**Data provided**

##########

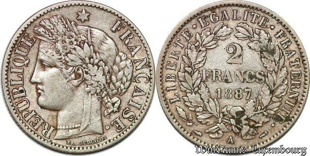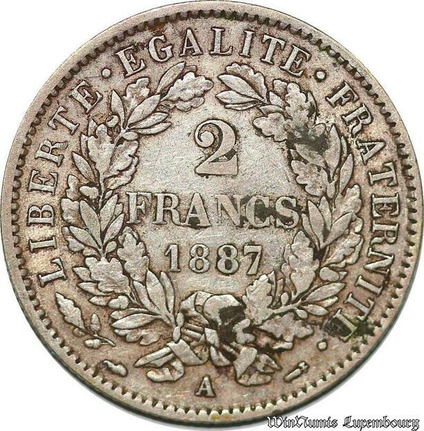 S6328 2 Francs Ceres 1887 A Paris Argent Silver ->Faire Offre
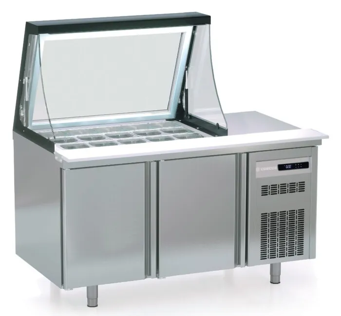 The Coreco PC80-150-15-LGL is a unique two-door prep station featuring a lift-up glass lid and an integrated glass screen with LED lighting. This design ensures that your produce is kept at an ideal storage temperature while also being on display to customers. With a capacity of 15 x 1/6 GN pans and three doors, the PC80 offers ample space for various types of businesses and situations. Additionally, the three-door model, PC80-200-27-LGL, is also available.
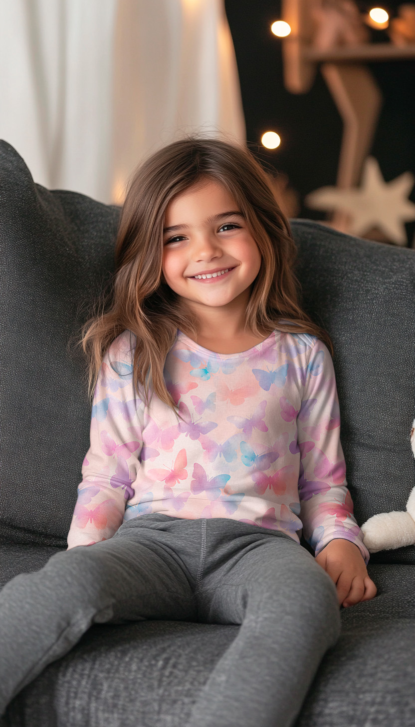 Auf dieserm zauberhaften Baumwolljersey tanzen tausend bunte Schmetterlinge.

##########

**Activity**
Leaving images out, please output every line of the data exactly.

**Result below**
 S6328 2 Francs Ceres 1887 A Paris Argent Silver ->Faire Offre
 The Coreco PC80-150-15-LGL is a unique two-door prep station featuring a lift-up glass lid and an integrated glass screen with LED lighting. This design ensures that your produce is kept at an ideal storage temperature while also being on display to customers. With a capacity of 15 x 1/6 GN pans and three doors, the PC80 offers ample space for various types of businesses and situations. Additionally, the three-door model, PC80-200-27-LGL, is also available.
 Auf dieserm zauberhaften Baumwolljersey tanzen tausend bunte Schmetterlinge.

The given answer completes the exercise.